• _Given information_
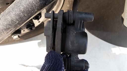 キャリパーをしっかり持って力を掛けて緩めました。 ピンはかなり汚れ、若干サビが
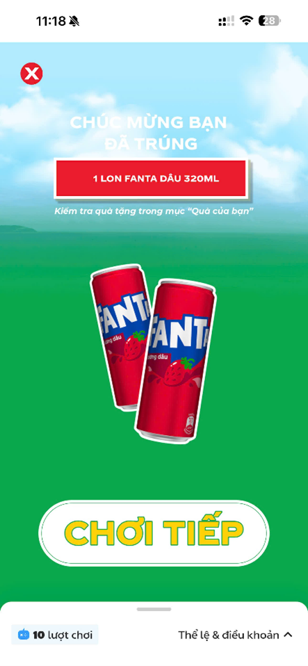 – Khách hàng trúng thưởng giải Lon Fanta hương dâu 320ml khi màn hình trả ra kết quả thông báo trúng thưởng như sau:
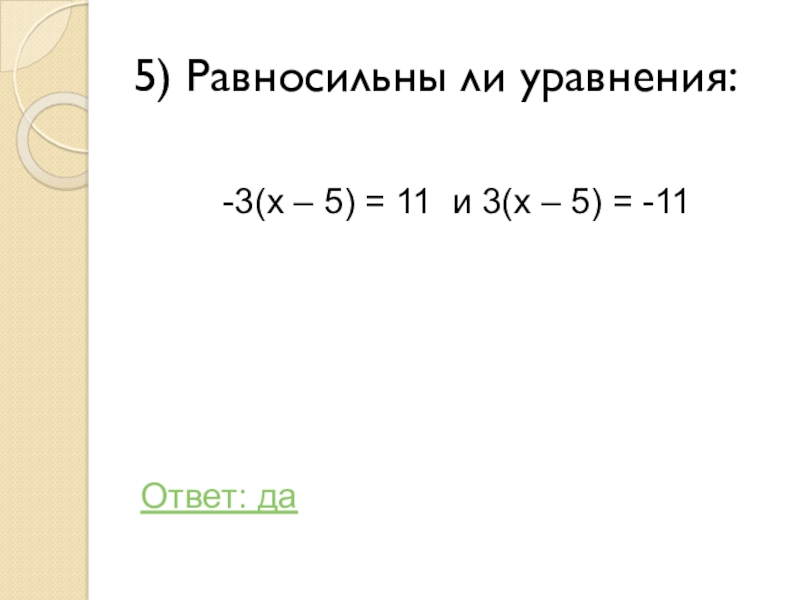 5) Равносильны ли уравнения:-3(х – 5) = 11 и 3(х – 5) = -11Ответ: да

• _Your goal_
Every line above must appear in the answer unchanged, and no picture may appear in it.

• _Solved exercise_
 キャリパーをしっかり持って力を掛けて緩めました。 ピンはかなり汚れ、若干サビが
 – Khách hàng trúng thưởng giải Lon Fanta hương dâu 320ml khi màn hình trả ra kết quả thông báo trúng thưởng như sau:
 5) Равносильны ли уравнения:-3(х – 5) = 11 и 3(х – 5) = -11Ответ: да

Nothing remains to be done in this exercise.